If you go back and review FCPA settlement actions from years ago, you will not find any structured analysis of the Justice Department’s settlement analysis. Of course, there are still issue where DOJ exercises discretion, and rightfully so.
For example, in determining the percentage discount from the lower end of the sentencing guideline range, the Justice Department weighs each of the factors: voluntary disclosure, cooperation and remediation. The weight given to each and the resolution is up to the Justice Department. Strict formulas become difficult to administer to take into account unusual or worthwhile circumstances. Each factual situation may be different and the Justice Department has to retain discretion to respond to each of those situations. Some will challenge this discretion and even suggest that it may be administered unfairly but the system is better, and after some historical experience occurs, the system may be adjusted again. For now, lets welcome the greater transparency and see how the system works.
In the compliance and remediation area, the Justice Department has blessed some harsh requirements and rewarded extraordinary responses to compliance problems.
In the Embraer enforcement action and settlement, the Justice Department concluded that Embraer implemented partial remediation – it disciplined a number of employees and executives but did not discipline a senior executive who was (at the very least” aware of bribery discussions in emails and had oversight responsibility for the employees involved in the misconduct.
Embraer paid a fine of approximately $107 million. It earned only a 20 percent discount from the bottom of the sentencing guideline range: it did not voluntarily disclose the conduct, and its compliance remediation was only partial. Embraer’s failure to discipline the one senior executive is inexplicable and cost the company millions of dollars in a further discount.
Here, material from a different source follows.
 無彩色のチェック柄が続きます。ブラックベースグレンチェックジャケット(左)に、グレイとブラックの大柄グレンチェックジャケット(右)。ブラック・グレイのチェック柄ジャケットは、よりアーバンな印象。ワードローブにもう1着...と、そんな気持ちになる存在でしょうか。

In the recently announced JP Morgan case, the Justice Department determined that JP Morgan engaged in extensive remedial measures, including: caused 5 employees to leave or resign; one employee who failed to supervise employees engaged in misconduct to leave the company; disciplined an additional 23 employees; imposed more than $18.3 million in financial sanctions.
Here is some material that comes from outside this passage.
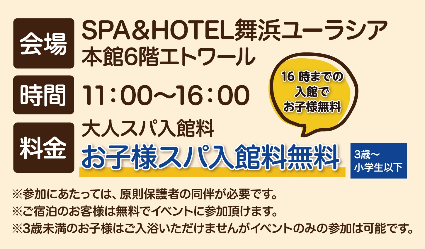 お子様と一緒にでんしゃ縁日やイベント限定オリジナル缶バッジ作りなど、様々なイベントをお楽しみいただけます。さらにご来場のお子様限定プレゼント企画、ホテル宿泊券が当たる抽選会イベントなど、わくわく楽しい、嬉しい企画を多数ご用意いたしました。当日は16時までの入館でお子様はスパ入館料が無料!

JP Morgan adopted heightened controls related to their hiring program to ensure centralized review and approval of such requests; doubled resources assigned to compliance in Asia-Pacific; and required improved FCPA training.
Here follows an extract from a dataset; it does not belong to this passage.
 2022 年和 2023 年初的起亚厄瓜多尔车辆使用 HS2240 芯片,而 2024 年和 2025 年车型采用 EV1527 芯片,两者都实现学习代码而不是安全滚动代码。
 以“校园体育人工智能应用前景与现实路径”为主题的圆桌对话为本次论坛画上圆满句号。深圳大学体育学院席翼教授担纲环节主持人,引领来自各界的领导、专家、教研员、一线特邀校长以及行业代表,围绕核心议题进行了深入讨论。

JP Morgan earned a 25 percent discount from the bottom of the sentencing range and paid $72 million in penalties under the Justice Department’s non-prosecution agreement. JP Morgan did not voluntarily disclose the conduct and its cooperate fully with the investigation. JP Morgan’s aggressive compliance remediation and disciplinary actions was instrumental in earning a 25 percent discount.
DOJ’s conclusion that JP Morgan engaged in extensive remediation sets out a significant precedent for awarding benefits to other companies seeking to resolve FCPA violations. JP Morgan earned an NPA, not a DPA or a criminal guilty plea, avoided a corporate monitor and promised to submit extensive compliance reports. While the 25 percent discount was significant but not overwhelming, JP Morgan’s resolution could have been a lot worse. Extensive remediation means exactly what it sounds like – extensive remediation of compliance program deficiencies and termination and discipline actions against a broad swath of employees involved in misconduct and other who failed to supervise or act in response to known misconduct.